Figure 1. EET analogs promote tumorigenesis.

(A) Images of large T antigen/ras/Myc-transformed mouse fibroblast p60.5 cell-derived tumors grown in the mice indicated. Mice were left untreated or administered the EET analogs 2-(13-(3-pentylureido)tridec-8(Z)-enamido)succinic acid (EET Analog 1) or N-isopropyl-N-(5-((2-pivalamidobenzo[d]thiazol-4-yl)oxy)pentyl)heptanamide (EET Analog 2) for 4 days prior injection with tumor cells.

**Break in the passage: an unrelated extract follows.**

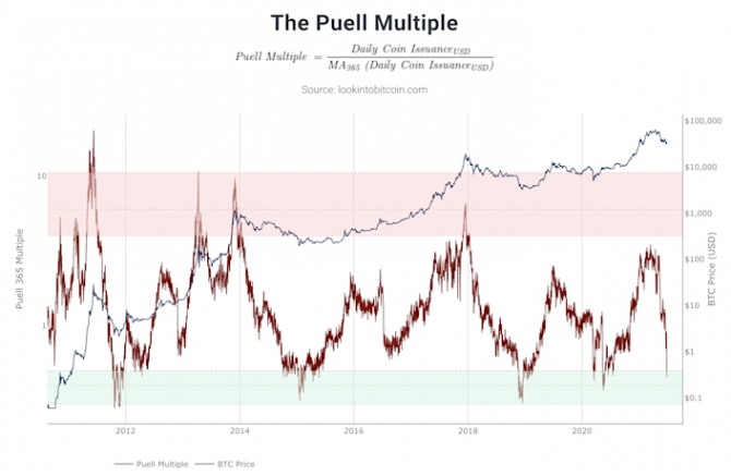 그래픽은 비트코인의 공급 측면 지표인 퓨엘 멀티플(Puell Multiple) 지수와 가격 변동 추이.

Mice were further treated for 2 weeks and then sacrificed. (B, C) Weight (B) and volume (C) of tumors grown in the mice indicated (n=9). Circles show individual values, while bars show mean values. (D, E) Frozen sections of the tumors grown in the mice indicated were stained with anti-mouse CD31 antibodies and their vascularization was quantified as described in Materials and Methods. The values are means ± S.D. of 10 tumors/group with 2 images/tumor analyzed. (F) Primary lung endothelial cells were cultured with or without 14,15-EET or the EET analogs (EET A1 and EET A2) at the indicated concentrations. Cell proliferation was then evaluated as described in Materials and Methods. Values are means ± S.D. of 3 experiments performed in quadruplicate. p<0.05 between untreated WT vs. Cyp2c44KO (*) or untreated vs. treated Cyp2c44KO (**) cells.